Marc Canter's Digital City

Marc Canter - the guy who brought us Macromedia and the first multimedia authoring tools wants to help post-industrial cities like his own Cleveland re-employ its citizens in a new economy. Unlike me, however, instead of building business from the ground up, Canter believes that the corporate-employee relationship can be salvaged and revitalized. His answer, Digital City Mechanics, is dedicated to re-educating workers in basic net skills while re-educating companies in hiring and organization. Given that the former rust belt is now the polymer belt (cellulose water bottles, anyone?) he may just be onto something. If nothing else, I have learned from experience: do not underestimate this man. The above video was shot on an iPhone at the Open Video Conference, where Marc was hoping to help figure out how to fill in the gaps for open standards in web video production and distribution.


  1. Is there really a shortage of workers with basic net skills? People with really advanced net skills can’t make money right now so it’s hard to see what tons of people with basic skills could do for a company.

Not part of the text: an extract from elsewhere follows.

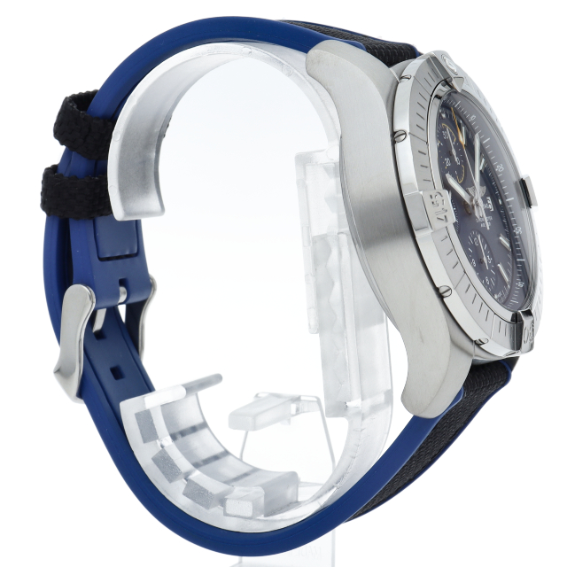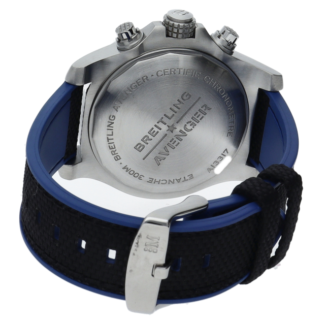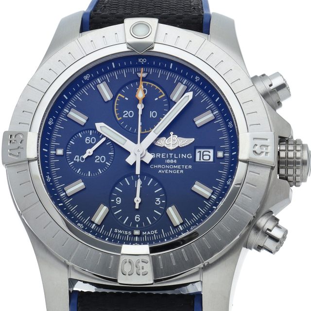 大胆な外観に頑強かつ優れた耐衝撃性を備えたアベンジャー クロノグラフ 45のステンレススチール製ケースは逆回転防止機能付きラチェット式ベゼルを装備、ダイヤルはブラックまたはブルーをご用意しました。ムーブメントは自動巻きのブライトリング キャリバー13を搭載。A13317(A13317101C1X1)

    1. Honestly in Cleveland there’s a shortage of folks with really advanced skills as well. I know probably half a dozen companies hiring programmers in the area and if you want to be an independent consultant there’s even more work. Cleveland is an old manufacturing town, and a lot of people still work in “blue collar” jobs here today which means a surprisingly large number really don’t have a modern internet-era skillset.

  2. Hey everybody

    I just updated our Digital City Mechanics site with a recent white paper that explains everything.

    And this is not just about training for jobs – this is about creating jobs as well.